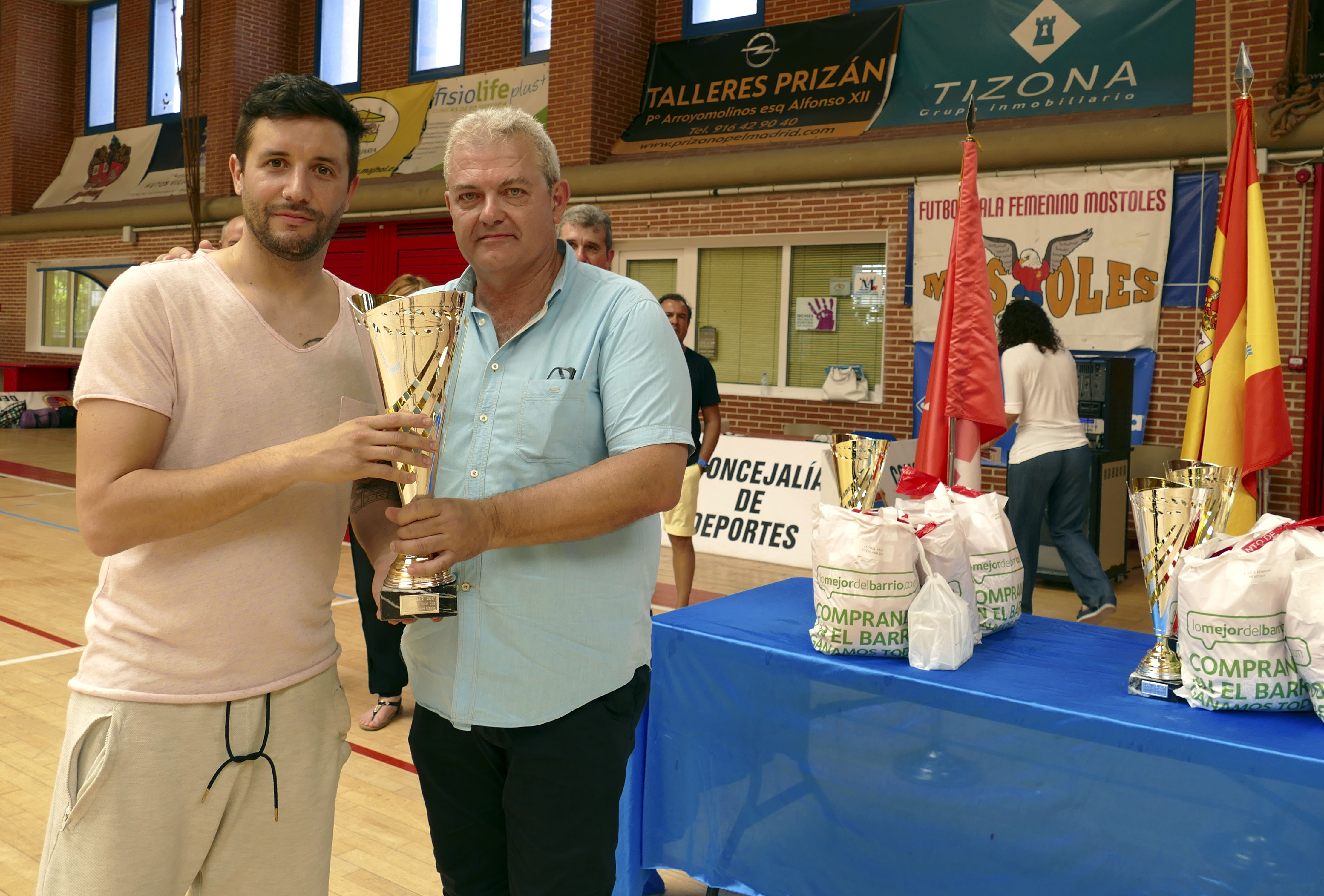 Imagen en alta resolución. Este enlace se abrirá mediante lightbox, puede haber un cambio de contextoEl concejal de Deportes, Agustín Martín, hizo entrega ayer de los premios en las finales de la Copa de los Municipios del Sur de Madrid, una competición en la que los campeones de las ligas de fútbol-7, fútbol-11, baloncesto, fútbol-sala y voleibol de los diferentes municipios participantes (Móstoles, Getafe, Leganés y Fuenlabrada) han disputado este torneo a través de un sistema de semifinal y final, organizado por el Ayuntamiento de Móstoles, con las colaboración de los otros ayuntamientos.
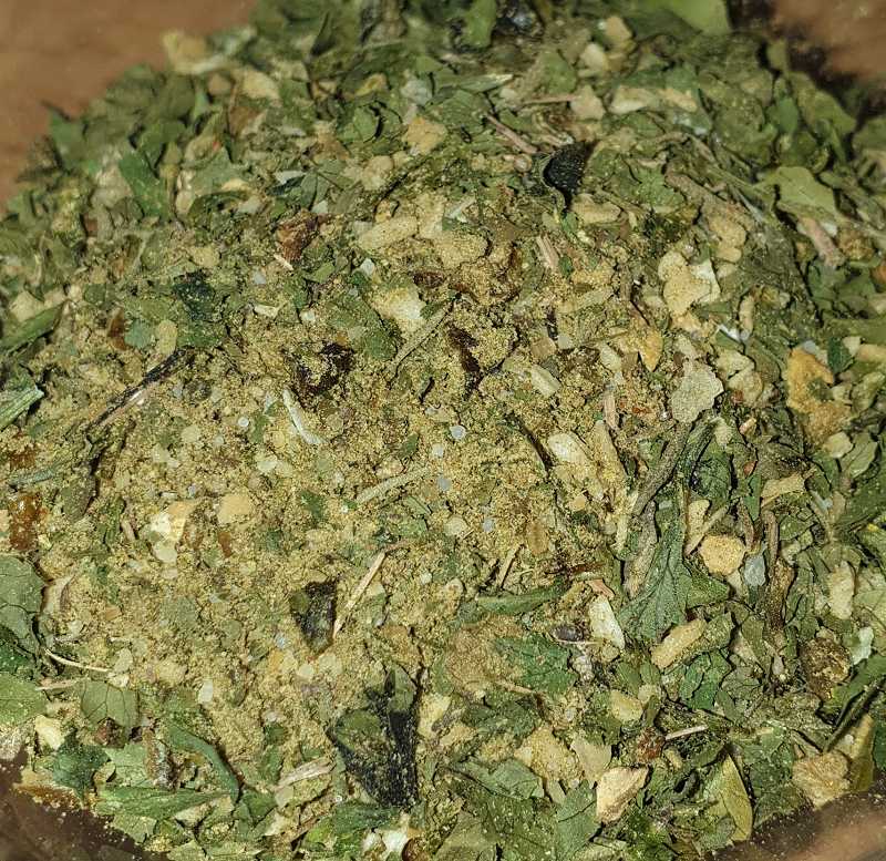 Zutaten: Korianderblätter, Paprika grün, Zwiebeln, Salz, Rohrzucker, Pfeffer, Knoblauch, Petersilie, Thymian, Chili grün, Zitronensäure, Cumin
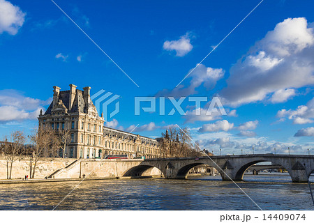パリ セーヌ川から見るルーヴル美術館とロワイヤル橋
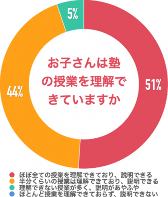 「ほぼ全ての授業を理解できており、説明できる」が51%、「半分くらいの授業は理解できており、説明できる」が44%、「理解できない授業が多く、説明があやふや」が5%、「ほとんど授業を理解できておらず、説明できない」が0%でした。

* [WORK TASK]: Set the entire listing down again, exact in every line, without any pictures.

* [ANSWER FOR THE TASK]:
 Imagen en alta resolución. Este enlace se abrirá mediante lightbox, puede haber un cambio de contextoEl concejal de Deportes, Agustín Martín, hizo entrega ayer de los premios en las finales de la Copa de los Municipios del Sur de Madrid, una competición en la que los campeones de las ligas de fútbol-7, fútbol-11, baloncesto, fútbol-sala y voleibol de los diferentes municipios participantes (Móstoles, Getafe, Leganés y Fuenlabrada) han disputado este torneo a través de un sistema de semifinal y final, organizado por el Ayuntamiento de Móstoles, con las colaboración de los otros ayuntamientos.
 Zutaten: Korianderblätter, Paprika grün, Zwiebeln, Salz, Rohrzucker, Pfeffer, Knoblauch, Petersilie, Thymian, Chili grün, Zitronensäure, Cumin
パリ セーヌ川から見るルーヴル美術館とロワイヤル橋
 「ほぼ全ての授業を理解できており、説明できる」が51%、「半分くらいの授業は理解できており、説明できる」が44%、「理解できない授業が多く、説明があやふや」が5%、「ほとんど授業を理解できておらず、説明できない」が0%でした。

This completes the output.